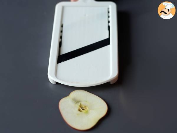Affettate sottilmente una mela con una mandolina o un coltello (utilizzate la parte centrale della mela per avere una forma di cuore)
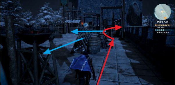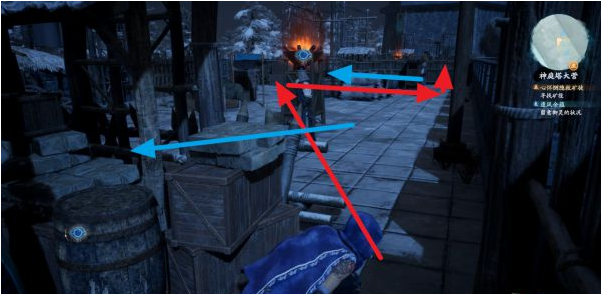 这里要躲避守卫的侦查,我为大家画出路线,红色为我们走的路线,蓝色为守卫巡逻路线。
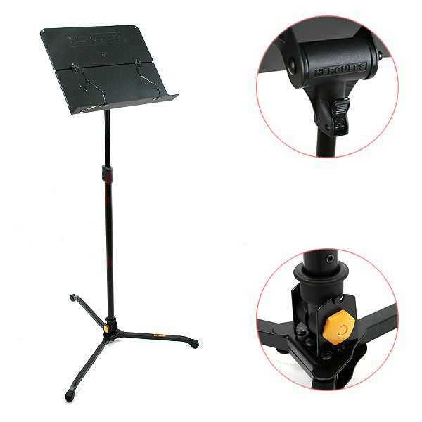 Оркестровый 2-х секционный пюпитр на треноге, Механизм EZ Angle Roller и EZ Clutch, размер площадки 480x345 мм, 2 отверстия под держатель, высота 680-1150 мм, вес 3 кг.

◇ ◇ ◇ ◇ ◇ ◇ ◇

» **DIRECTIONS FOR THIS TASK**:
Extract exactly the lines above from the line containing "这里要躲避守卫的侦查,我为大" through the last one, both ends included, but not the pictures.

» **RESULT OF THIS TASK**:
 这里要躲避守卫的侦查,我为大家画出路线,红色为我们走的路线,蓝色为守卫巡逻路线。
 Оркестровый 2-х секционный пюпитр на треноге, Механизм EZ Angle Roller и EZ Clutch, размер площадки 480x345 мм, 2 отверстия под держатель, высота 680-1150 мм, вес 3 кг.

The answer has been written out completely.